Johnson’s solution has gone down in history as one of the all-time bonkers TV finales: the teen denizens of Byker find out that they are characters in a television show, and that their creator has been told to end their story, but can’t bring himself to do it. Instead each character is allowed to write their own ending. Inhabiting his young creations, Johnson allowed his imagination to run riot.

The cast of Byker Grove were allowed to write their own on-screen demises - BBC
The cast of Byker Grove were allowed to write their own on-screen demises - BBC

Byker usually dealt with troubled home lives and adolescent growing pains; the finale has alien attacks, a tyrannosaurus rex and an army of zombies – all done on a miniscule standard episode budget – and concludes with two girls attempting to blow up the Grove to avoid it being sold to developers. The final scene ends in a whiteout, and we’re left unsure if the cast of misfits have been wiped from existence or simply had their youth club sold out from under them. It’s quite the big swing.

Back in the early 90s, the Jim Henson Company’s animatronic/puppet comedy Dinosaurs had initially been a big hit, but in 1994 found its strings cut mid-way through production of its fourth season. Writer Kirk Thatcher, who had helped conceive the show with Jim Henson in the months before his death, was charged with drawing things to a conclusion. Given that the show was about actual dinosaurs, living a distinctly 20th century life in the distant past, Thatcher knew the ending was going to have to be fairly apocalyptic.

“The whole concept of the way it would end was baked in from the very conception,” says Thatcher. “Jim Henson wanted to do a show saying that we’re the apex predator and whatever we do is good for us, screw everything else.” In the story, the schlubby protagonist, Earl Sinclair, through a series of well-intentioned blunders, manages to bring about the ice age that will wipe out his species. The episode ends with Earl explaining to his baby son that his father’s mistakes may have cost him a future. For a show that was massively popular with children, it was rather bleak. “What’s funny is that so many people come up to me and say ‘you ruined my childhood, you devastated me’ and in some ways I’m sorry, but also that was the point! We wanted to be true to what the show was originally about.”
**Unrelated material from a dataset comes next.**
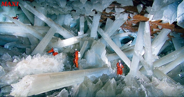 Hang Naica ở Mexico nổi tiếng với hàng nghìn khối đá thạch anh khổng lồ mọc ra tua tủa, đây là kết quả của quá trình cô đặc muối canxi trong nước.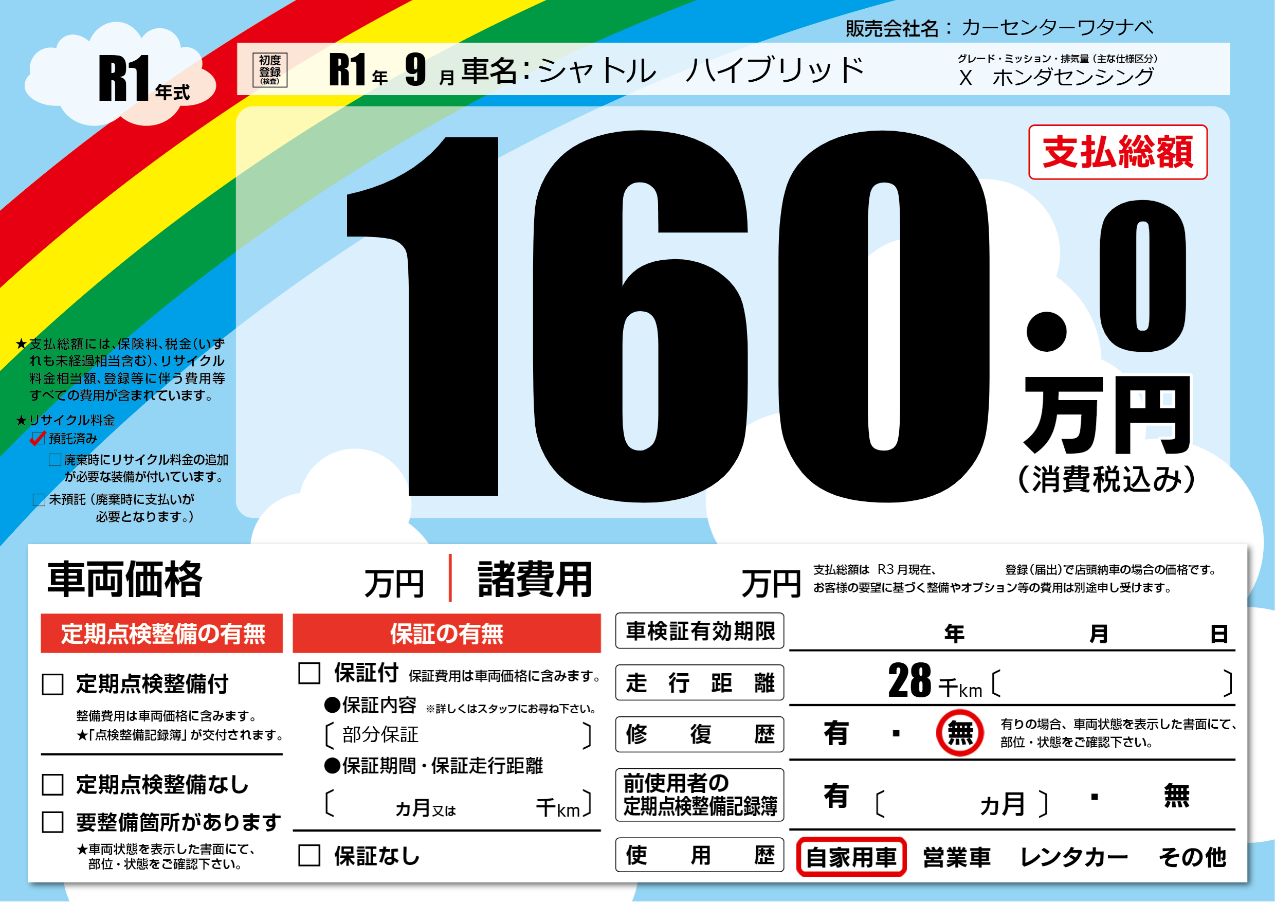 | 走行キロ | 2.8万km | 初年度登録 | R1年9月 |

Last year, the BBC announced the cancellation of the hospital drama Holby City, graciously allowing fans one final series and giving producers a year to close-out two-decades of storytelling. The wheels will be well and truly in motion behind the scenes. “They’ve got the time. They’ve got a year,” says Yvonne Grace, who also produced Holby during its BAFTA-nominated second season. “They’ll be looking at contracts and probably have to renegotiate some of them, and looking at how to tie it up well. Mind you, if they say it’s all a dream I will be straight on the phone.”


Holby City’s final episode will air in March.